🤖 AI Summary
For privacy-sensitive, access-restricted data (e.g., healthcare and governmental datasets), this paper addresses the challenge of table union search—determining whether two tables can be meaningfully vertically joined—without accessing raw data. We propose the first fully metadata-based unionability detection method, departing from conventional approaches reliant on original tabular content. Our method introduces a semantic-driven metadata matching framework: it employs semantic embeddings to represent metadata, models column-level semantic similarity, and integrates structural and contextual features via a lightweight graph neural network. Evaluated on real-world restricted-data scenarios, our approach achieves 81% accuracy in unionability judgment, with precision and recall significantly outperforming existing baselines. This work establishes the first high-accuracy, metadata-only unionability inference technique, enabling verifiable, regulation-compliant data integration and discovery under the FAIR principles while preserving data privacy.
📝 Abstract
Over the past decade, the Table Union Search (TUS) task has aimed to identify unionable tables within data lakes to improve data integration and discovery. While numerous solutions and approaches have been introduced, they primarily rely on open data, making them not applicable to restricted access data, such as medical records or government statistics, due to privacy concerns.

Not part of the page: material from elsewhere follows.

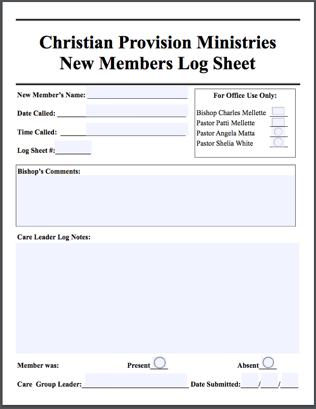 Click here to download the Print Version of the “New Member Log Sheet.”
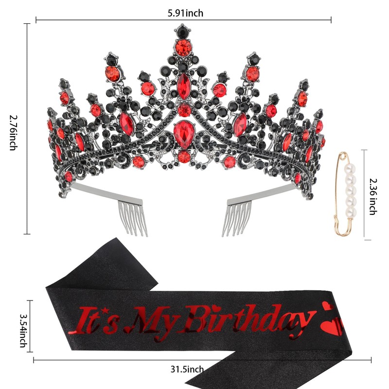 - BEAUTIFUL & ELEGANT: Black and red crystal princess crown and sweet It's My Birthday sash will make you the center of attention on your special day. It’s the perfect finishing touch for your birthday look and make you more glamorous. Enjoy the compliments it will bring you at the party

Restricted data can still be shared through metadata, which ensures confidentiality while supporting data reuse. This paper explores how TUS can be computed on restricted access data using metadata alone. We propose a method that achieves 81% accuracy in unionability and outperforms existing benchmarks in precision and recall. Our results highlight the potential of metadata-driven approaches for integrating restricted data, facilitating secure data discovery in privacy-sensitive domains. This aligns with the FAIR principles, by ensuring data is Findable, Accessible, Interoperable, and Reusable while preserving confidentiality.